DATA:

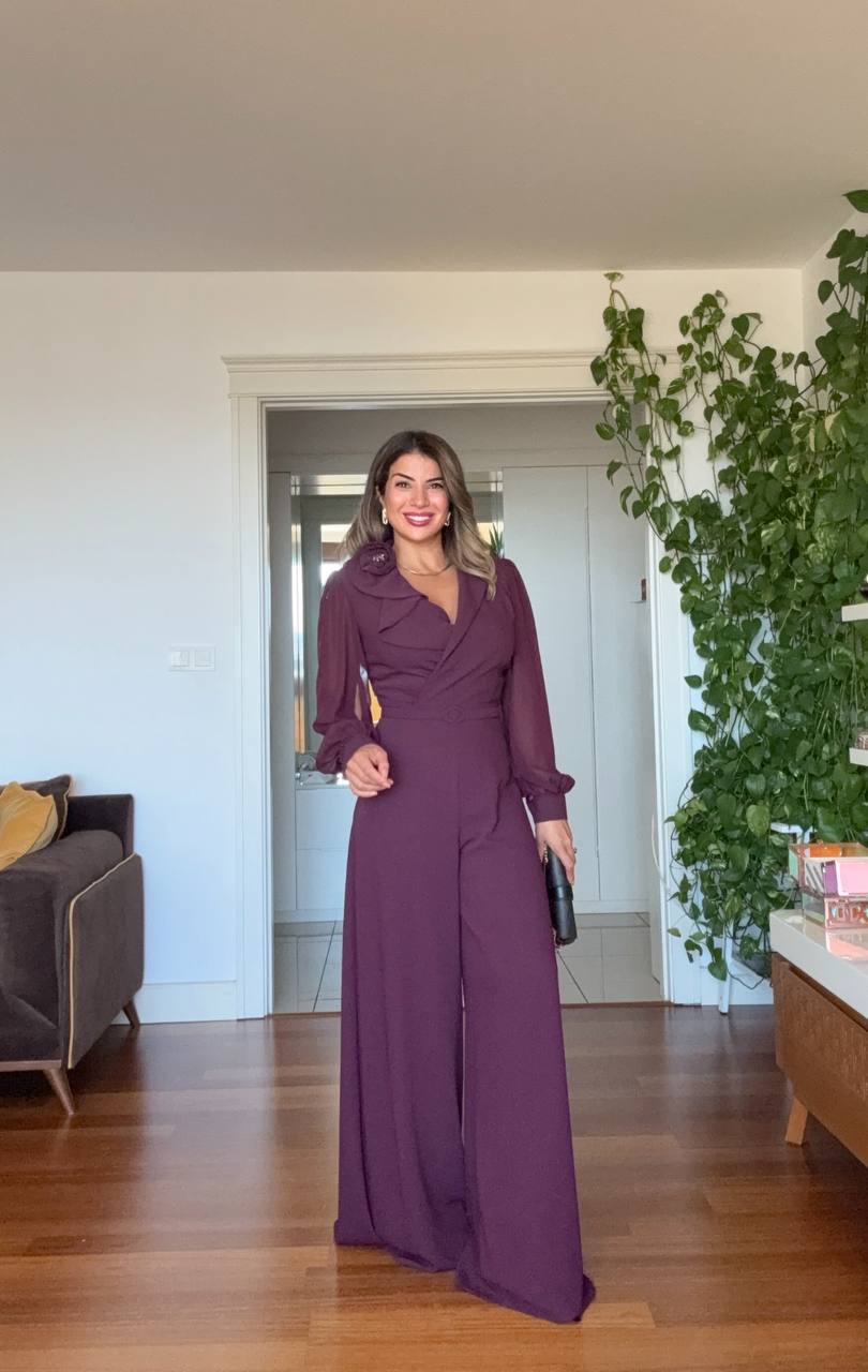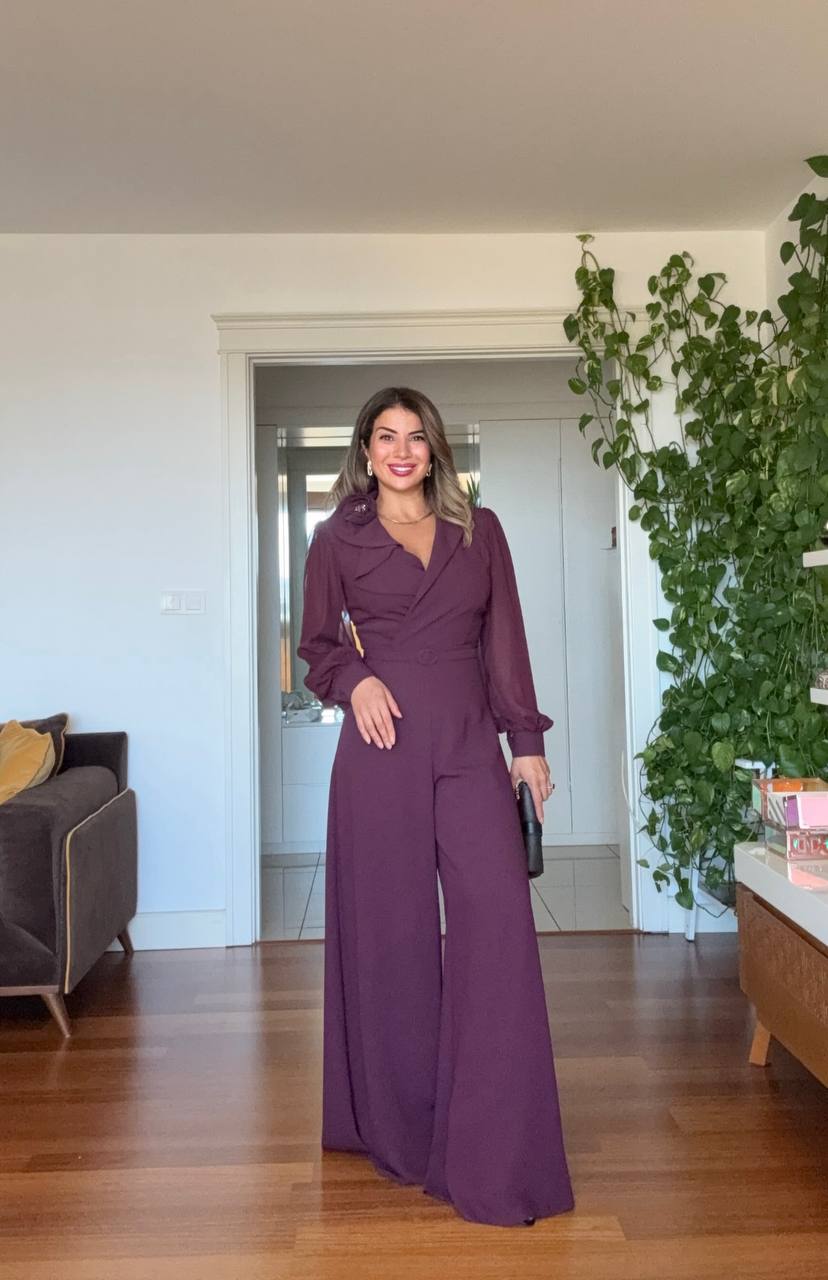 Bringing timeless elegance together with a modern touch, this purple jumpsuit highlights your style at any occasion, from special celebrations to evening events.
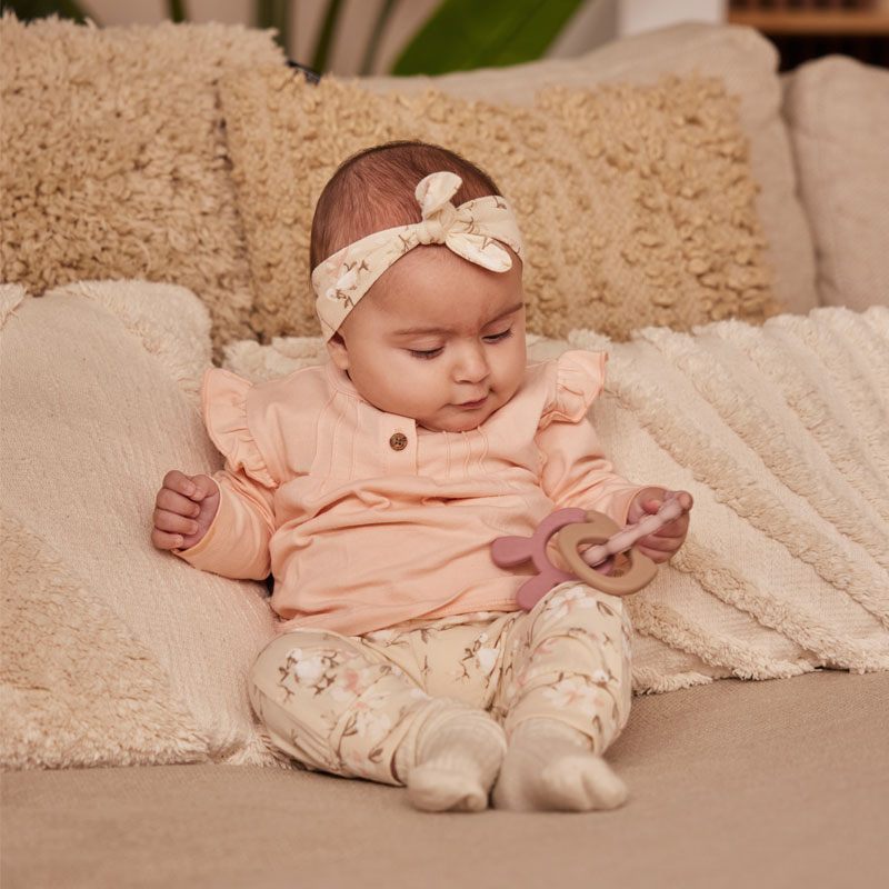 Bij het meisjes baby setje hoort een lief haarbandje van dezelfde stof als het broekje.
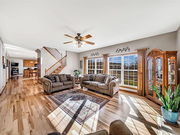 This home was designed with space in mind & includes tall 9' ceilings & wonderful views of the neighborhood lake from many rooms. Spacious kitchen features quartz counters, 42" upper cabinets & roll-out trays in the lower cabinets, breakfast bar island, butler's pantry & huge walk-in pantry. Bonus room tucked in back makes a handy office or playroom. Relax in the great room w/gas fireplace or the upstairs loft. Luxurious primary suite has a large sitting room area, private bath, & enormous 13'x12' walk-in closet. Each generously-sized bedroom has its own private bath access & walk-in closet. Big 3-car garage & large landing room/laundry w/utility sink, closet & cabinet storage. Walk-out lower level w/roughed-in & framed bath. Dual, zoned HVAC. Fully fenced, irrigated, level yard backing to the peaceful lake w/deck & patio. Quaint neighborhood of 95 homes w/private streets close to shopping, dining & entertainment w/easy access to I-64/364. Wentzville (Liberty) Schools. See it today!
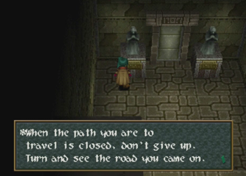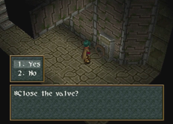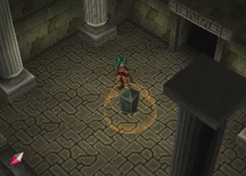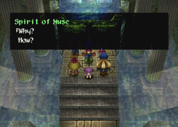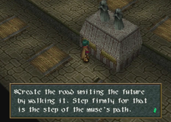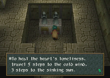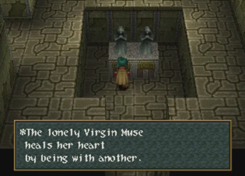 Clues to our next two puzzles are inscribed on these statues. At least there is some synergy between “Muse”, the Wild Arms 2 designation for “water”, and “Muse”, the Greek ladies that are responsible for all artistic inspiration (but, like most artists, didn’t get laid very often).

REQUIRED ACTION: Make an exact copy of the lines from the top of the material through the line with "Bij het meisjes", pictures excluded.

WRITTEN REPLY:
 Bringing timeless elegance together with a modern touch, this purple jumpsuit highlights your style at any occasion, from special celebrations to evening events.
 Bij het meisjes baby setje hoort een lief haarbandje van dezelfde stof als het broekje.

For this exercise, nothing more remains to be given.